> Instructions to follow: Repeat the records below word for word and omit each image.

> Data excerpts:
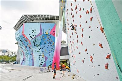 廣州大學城體育中心攀巖場是國內(nèi)首批零碳體育場館改造項目。記者 莊小龍攝
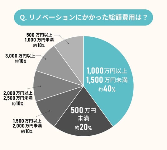 最多は「500万円以上1,000万円未満」の約40%でした。次いで、「500万円未満」が約20%と、部分的なリノベーションをした人が多いといえそうです。
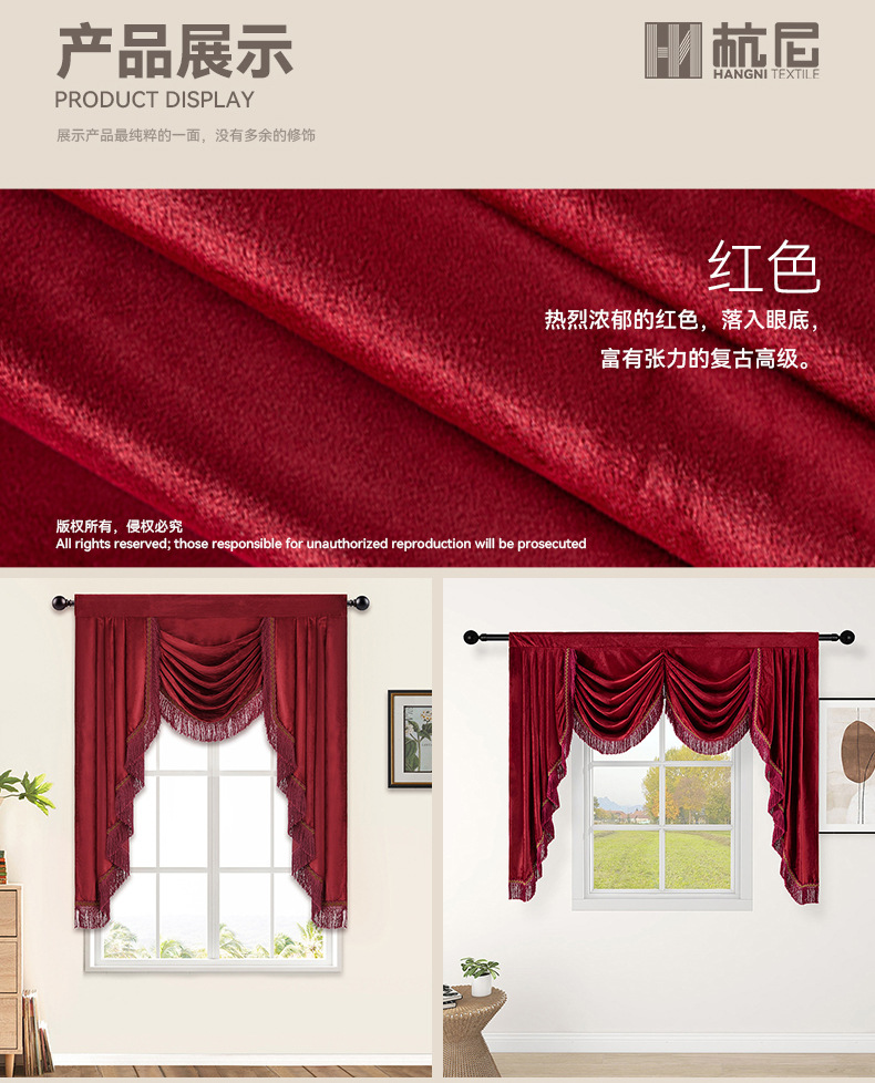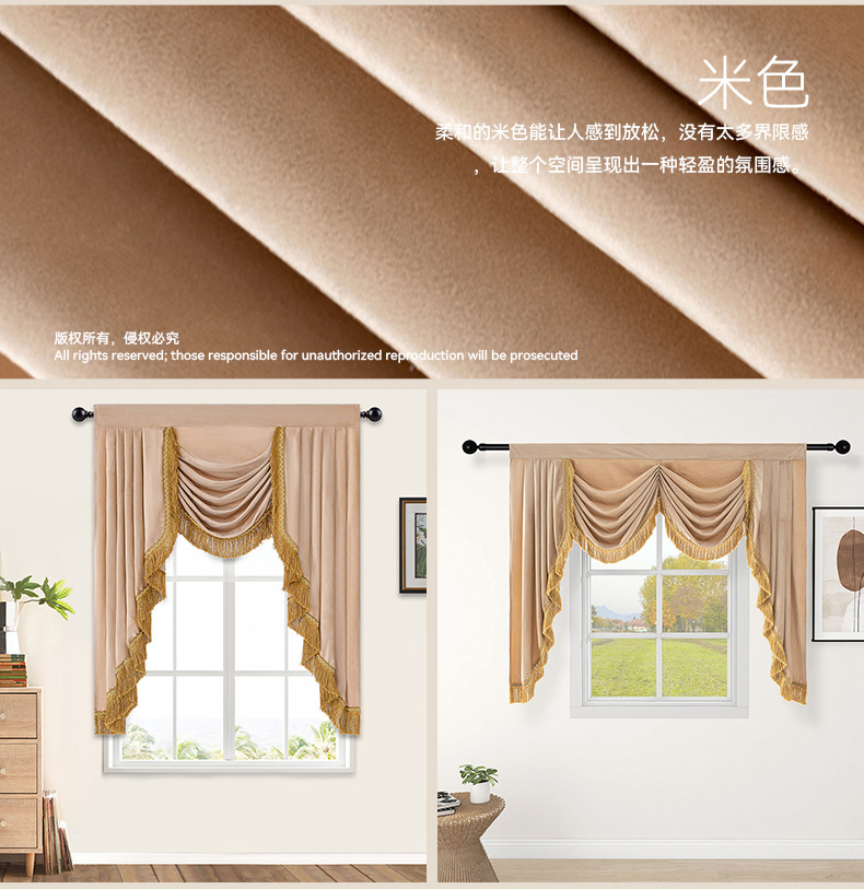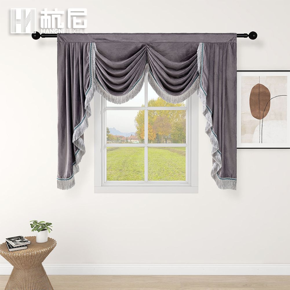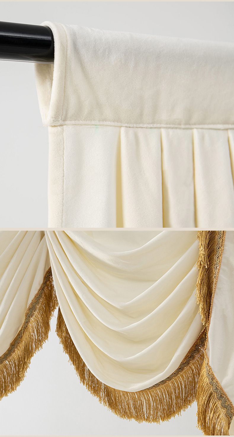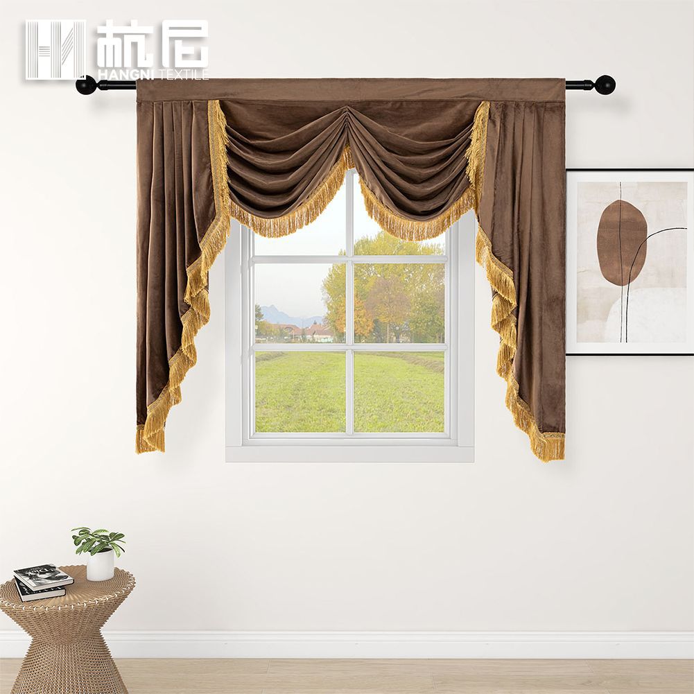 라이트 럭셔리 레트로 벨벳 커튼, 유럽풍 물결무늬 프린지 커튼 헤드, 호텔용 크로스보더 커튼스토어 가기
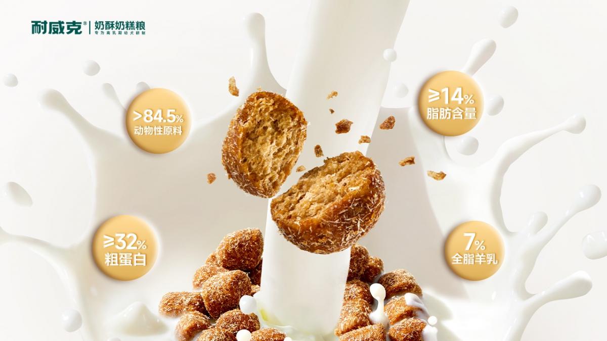耐威克首次明确提出“羊乳是酥化工艺的最佳搭配”的科学主张。羊乳中的脂肪球颗粒显著小于牛奶,更易于通过微孔结构被吸附和渗透,从而实现营养的“长驱直入”。同时,羊乳富含天然A2型β-酪蛋白,致敏性极低,可有效降低幼犬腹泻和过敏风险,真正实现“母乳级”喂养。
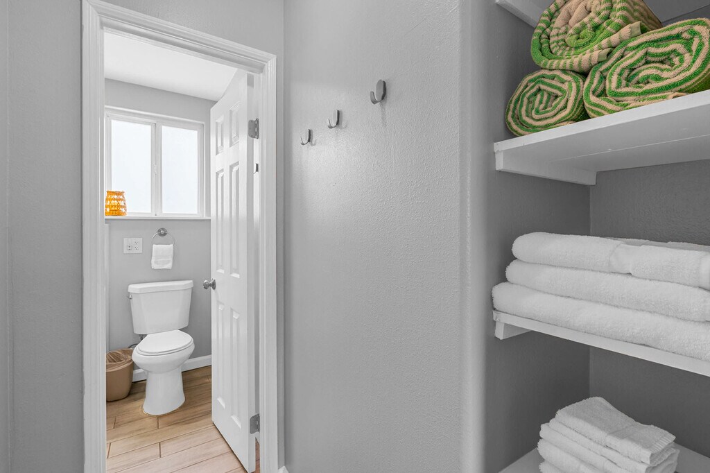 Feel at home in this 2-bedroom, 1-bath home that offers the perfect blend of modern charm and coastal comfort. With its prime location between the beach and the bay, you're ideally situated to enjoy all the area has to offer. This home features a fully equipped kitchen, central air conditioning and heat, high-speed internet, black out curtains in both bedrooms, a fire pit table on the patio, a barbecue, an outdoor shower, a sound machine, and shared washer/dryer. Two parking spaces are available in the driveway. Located in the heart of Mission Beach, just 8 blocks from the famous Belmont Park and roller coaster, this apartment is within walking distance to a variety of restaurants and entertainment. It's situated just a few steps from both the beach and the bay, offering easy access to paddle boarding, surfing, and miles of boardwalk. Occupants exceeding five will not be permitted to stay past 10 pm. No more than two guests above the stated number of occupants in your reservation are allowed on the premises at any time. If guests stay beyond this limit, a charge of $300 per person will be applied. There is no smoking of any kind (tobacco, marijuana, hookah) on the property. The fine is $300. Quiet hours are between 10 pm and 8 am. Registration Number: STR-01809L [SI]

> Result of the task:
 廣州大學城體育中心攀巖場是國內(nèi)首批零碳體育場館改造項目。記者 莊小龍攝
 最多は「500万円以上1,000万円未満」の約40%でした。次いで、「500万円未満」が約20%と、部分的なリノベーションをした人が多いといえそうです。
 라이트 럭셔리 레트로 벨벳 커튼, 유럽풍 물결무늬 프린지 커튼 헤드, 호텔용 크로스보더 커튼스토어 가기
耐威克首次明确提出“羊乳是酥化工艺的最佳搭配”的科学主张。羊乳中的脂肪球颗粒显著小于牛奶,更易于通过微孔结构被吸附和渗透,从而实现营养的“长驱直入”。同时,羊乳富含天然A2型β-酪蛋白,致敏性极低,可有效降低幼犬腹泻和过敏风险,真正实现“母乳级”喂养。
 Feel at home in this 2-bedroom, 1-bath home that offers the perfect blend of modern charm and coastal comfort. With its prime location between the beach and the bay, you're ideally situated to enjoy all the area has to offer. This home features a fully equipped kitchen, central air conditioning and heat, high-speed internet, black out curtains in both bedrooms, a fire pit table on the patio, a barbecue, an outdoor shower, a sound machine, and shared washer/dryer. Two parking spaces are available in the driveway. Located in the heart of Mission Beach, just 8 blocks from the famous Belmont Park and roller coaster, this apartment is within walking distance to a variety of restaurants and entertainment. It's situated just a few steps from both the beach and the bay, offering easy access to paddle boarding, surfing, and miles of boardwalk. Occupants exceeding five will not be permitted to stay past 10 pm. No more than two guests above the stated number of occupants in your reservation are allowed on the premises at any time. If guests stay beyond this limit, a charge of $300 per person will be applied. There is no smoking of any kind (tobacco, marijuana, hookah) on the property. The fine is $300. Quiet hours are between 10 pm and 8 am. Registration Number: STR-01809L [SI]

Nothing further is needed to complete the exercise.